To match audio portions to their corresponding lyrics, we begin with a simple heuristic that aligns the characters of the lyrics to linearly span the duration of each song, and pass a fixed-size window of characters centered around the current segment during training. While this simple strategy of linear alignment worked surprisingly well, we found that it fails for certain genres with fast lyrics, such as hip hop. To address this, we use Spleeter[^reference-32] to extract vocals from each song and run NUS AutoLyricsAlign[^reference-33] on the extracted vocals to obtain precise word-level alignments of the lyrics. We chose a large enough window so that the actual lyrics have a high probability of being inside the window.

To attend to the lyrics, we add an encoder to produce a representation for the lyrics, and add attention layers that use queries from the music decoder to attend to keys and values from the lyrics encoder. After training, the model learns a more precise alignment.

Lyrics Attention

Lyric–music alignment learned by encoder–decoder attention layer
Attention progresses from one lyric token to the next as the music progresses, with a few moments of uncertainty.

Limitations

While Jukebox represents a step forward in musical quality, coherence, length of audio sample, and ability to condition on artist, genre, and lyrics, there is a significant gap between these generations and human-created music.
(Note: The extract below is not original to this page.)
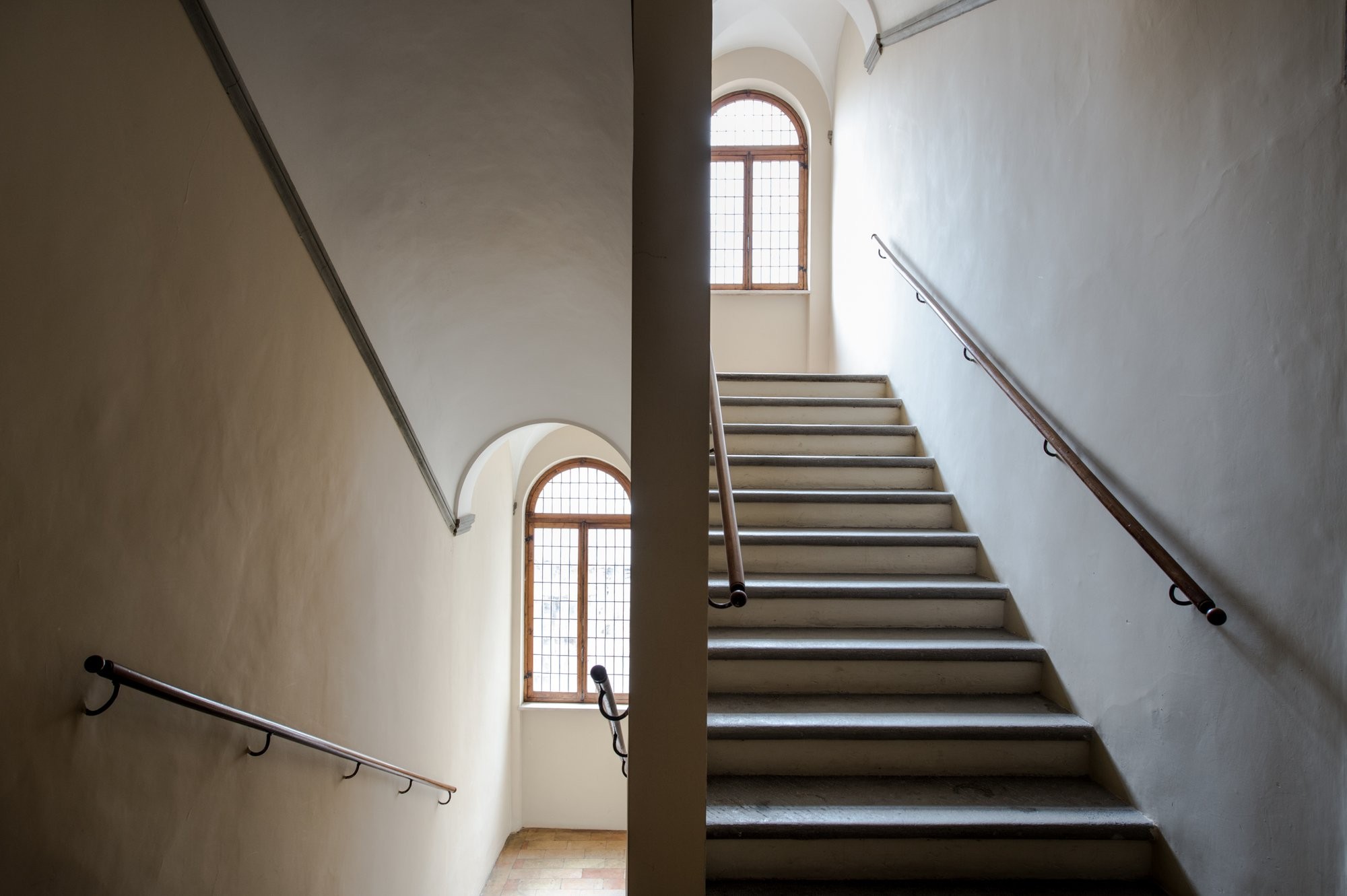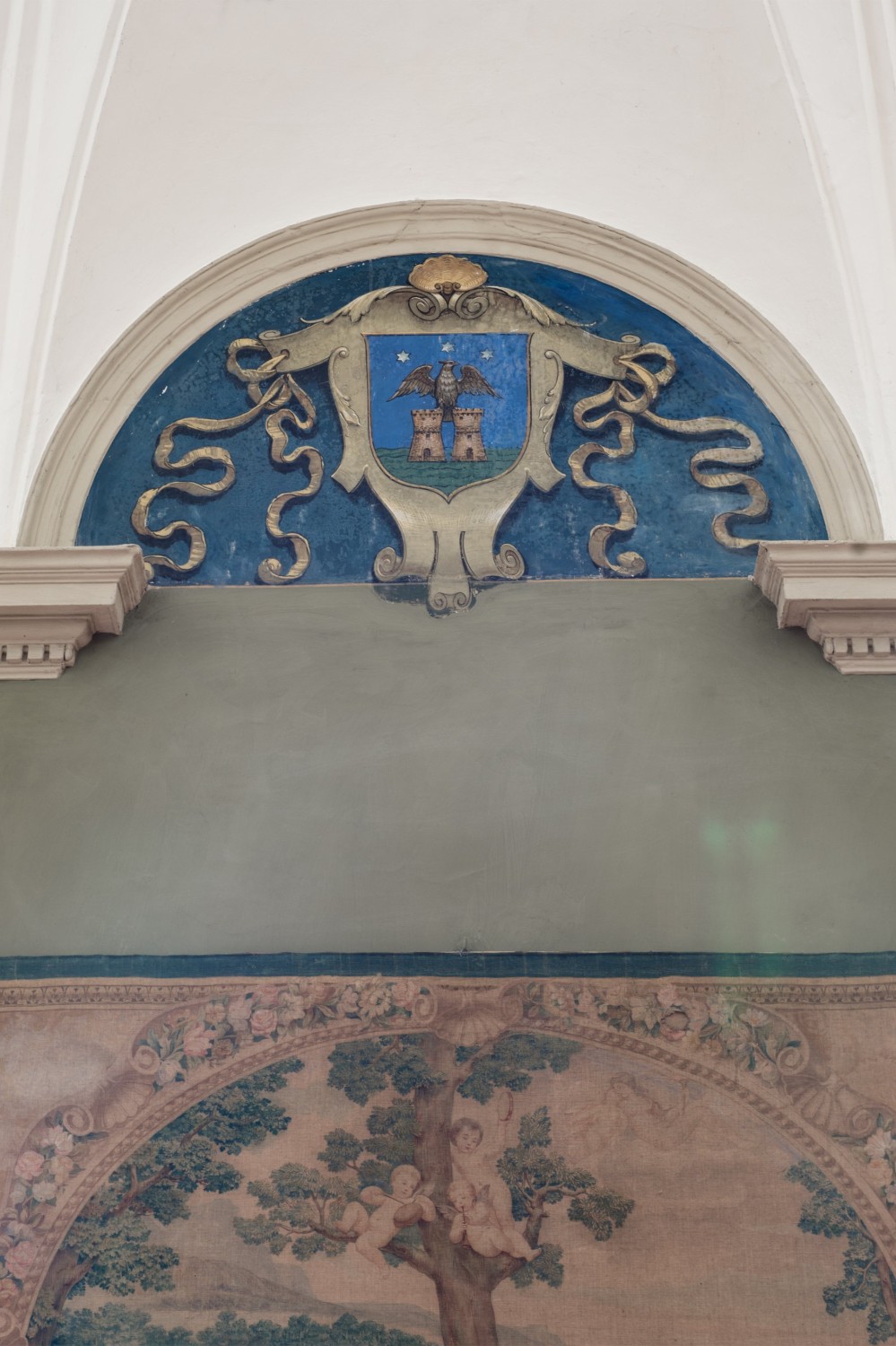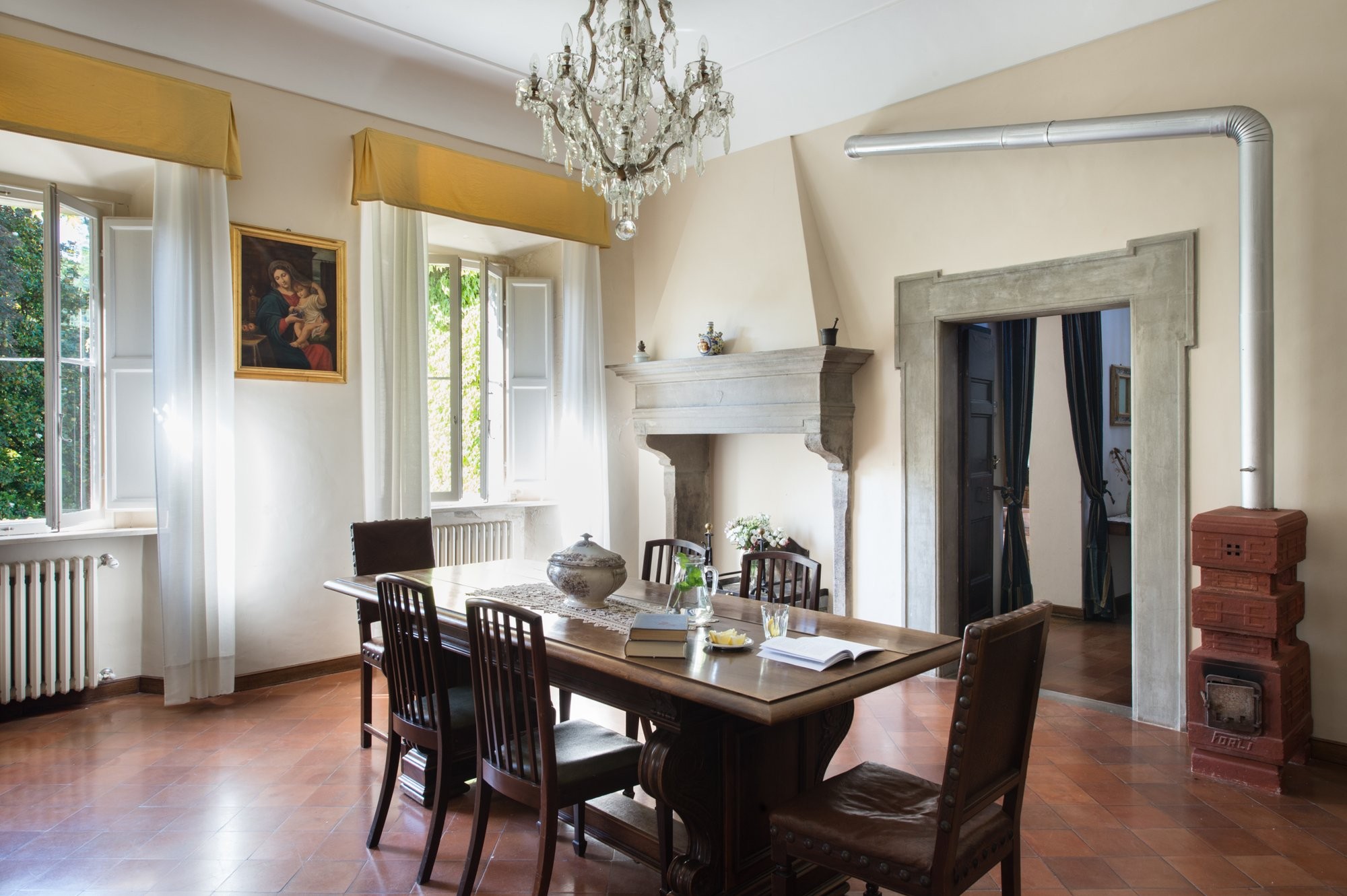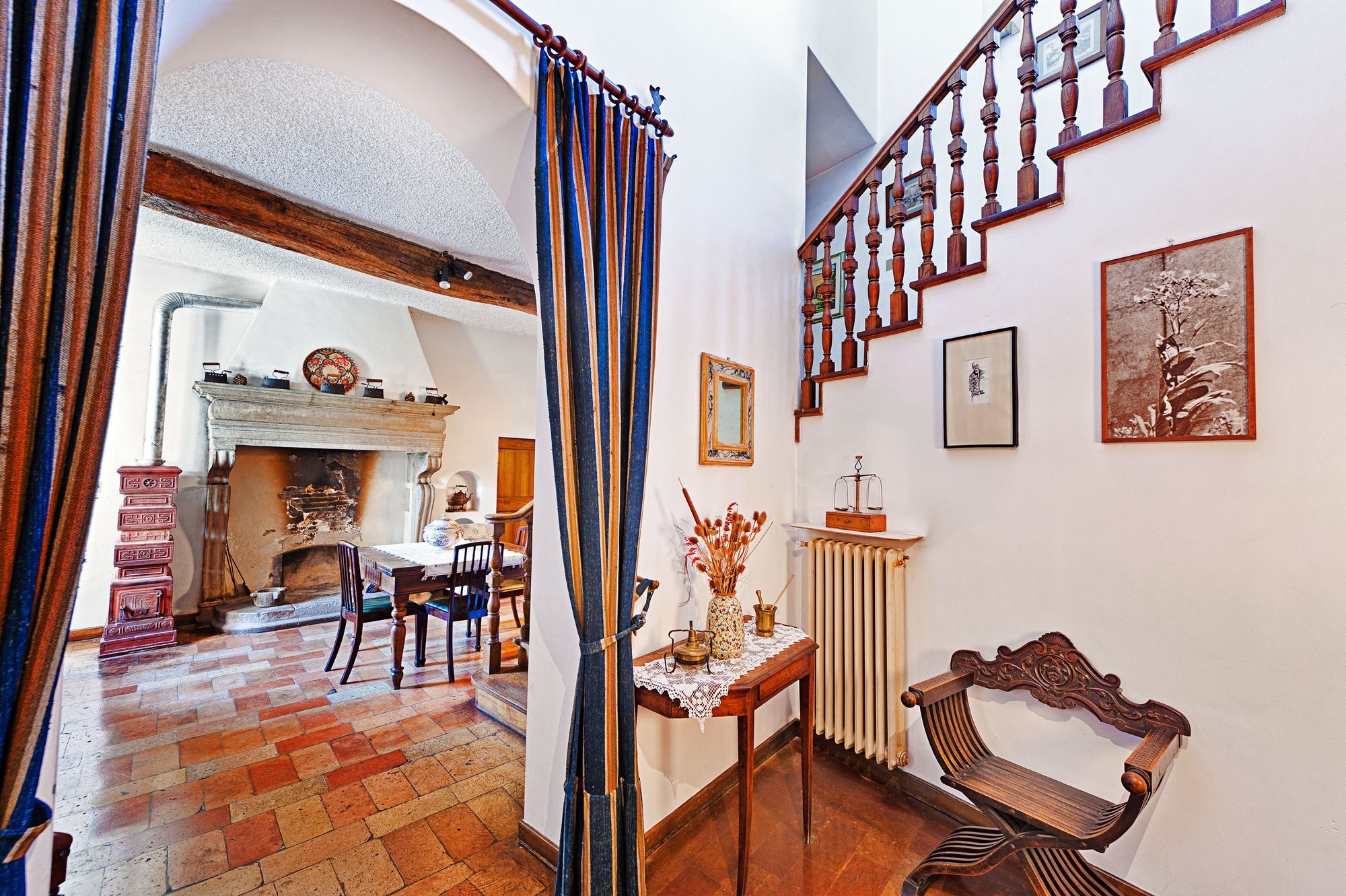 Der linke Flügel beherbergt den Piano-Nobile-Saal mit originalen Renaissance-Ornamenten, hohen handbemalten Fresken und Wänden, die 500 Jahre italienischer Geschichte erlebt haben. Der rechte Flügel erstreckt sich über zwei Stockwerke und verbindet großzügige Wohnräume mit historischem Charme und modernem Komfort. Licht fällt durch hohe Fenster auf gewölbte Durchgänge, Zierleisten und dekorierte Türen – jedes Detail erzählt von der adeligen Vergangenheit des Hauses.
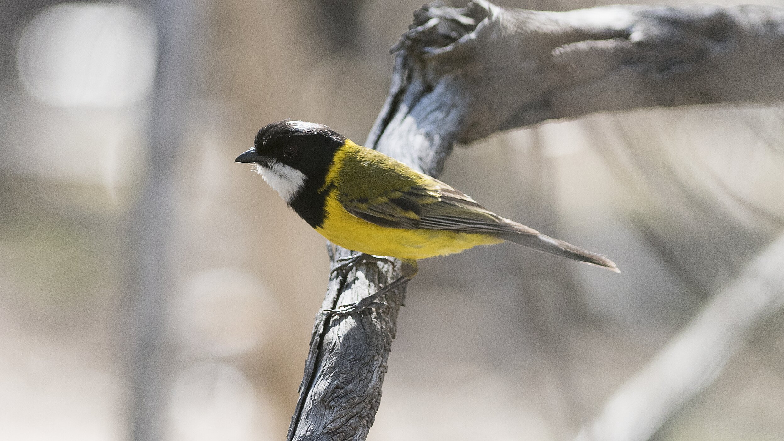White throat, black top of head, yellow underneath.

For example, while the generated songs show local musical coherence, follow traditional chord patterns, and can even feature impressive solos, we do not hear familiar larger musical structures such as choruses that repeat. Our downsampling and upsampling process introduces discernable noise. Improving the VQ-VAE so its codes capture more musical information would help reduce this. Our models are also slow to sample from, because of the autoregressive nature of sampling. It takes approximately 9 hours to fully render one minute of audio through our models, and thus they cannot yet be used in interactive applications. Using techniques[^reference-27][^reference-34] that distill the model into a parallel sampler can significantly speed up the sampling speed. Finally, we currently train on English lyrics and mostly Western music, but in the future we hope to include songs from other languages and parts of the world.

Future directions

Our audio team is continuing to work on generating audio samples conditioned on different kinds of priming information. In particular, we’ve seen early success conditioning on MIDI files and stem files. Here’s an example of a raw audio sample conditioned on MIDI tokens. We hope this will improve the musicality of samples (in the way conditioning on lyrics improved the singing), and this would also be a way of giving musicians more control over the generations. We expect human and model collaborations to be an increasingly exciting creative space. If you’re excited to work on these problems with us, we’re hiring.

As generative modeling across various domains continues to advance, we are also conducting research into issues like bias and intellectual property rights, and are engaging with people who work in the domains where we develop tools. To better understand future implications for the music community, we shared Jukebox with an initial set of 10 musicians from various genres to discuss their feedback on this work. While Jukebox is an interesting research result, these musicians did not find it immediately applicable to their creative process given some of its current limitations. We are connecting with the wider creative community as we think generative work across text, images, and audio will continue to improve. If you’re interested in being a creative collaborator to help us build useful tools or new works of art in these domains, please let us know!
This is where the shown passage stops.